── RAW DATA ──

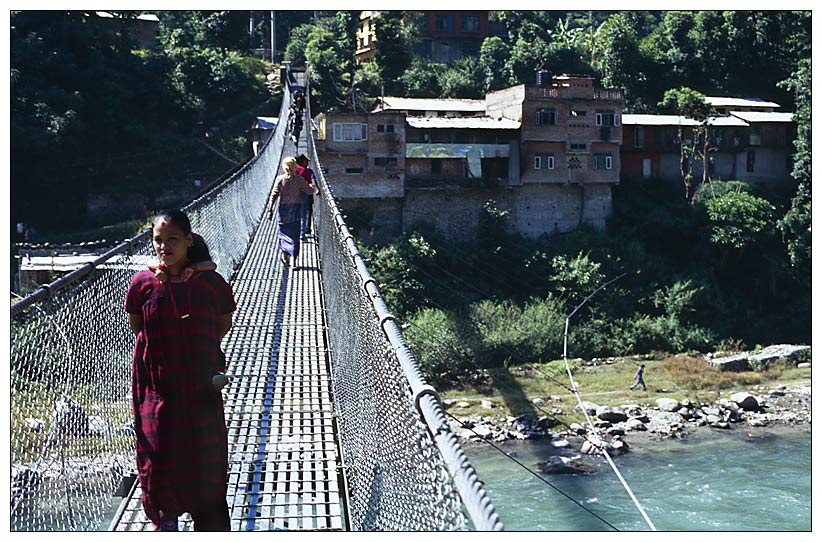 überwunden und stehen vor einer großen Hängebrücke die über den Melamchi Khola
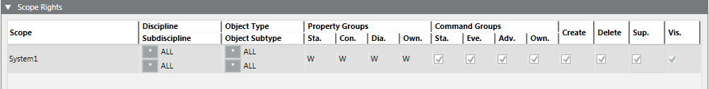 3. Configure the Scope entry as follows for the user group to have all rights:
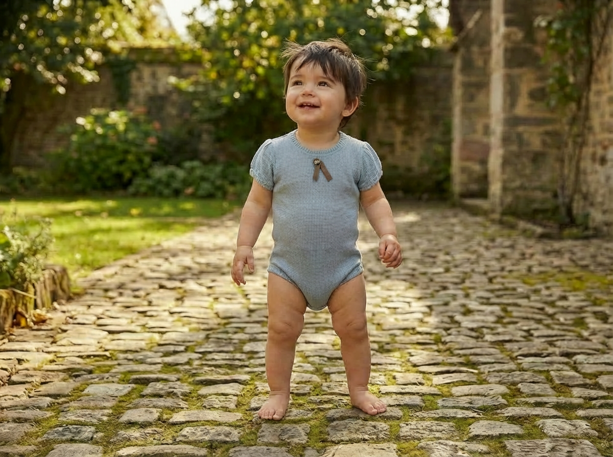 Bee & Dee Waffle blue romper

───

Write out, exactly and only, the lines from the one containing "3. Configure the" through the last line of the material above. Pictures do not go in the copy.

 3. Configure the Scope entry as follows for the user group to have all rights:
 Bee & Dee Waffle blue romper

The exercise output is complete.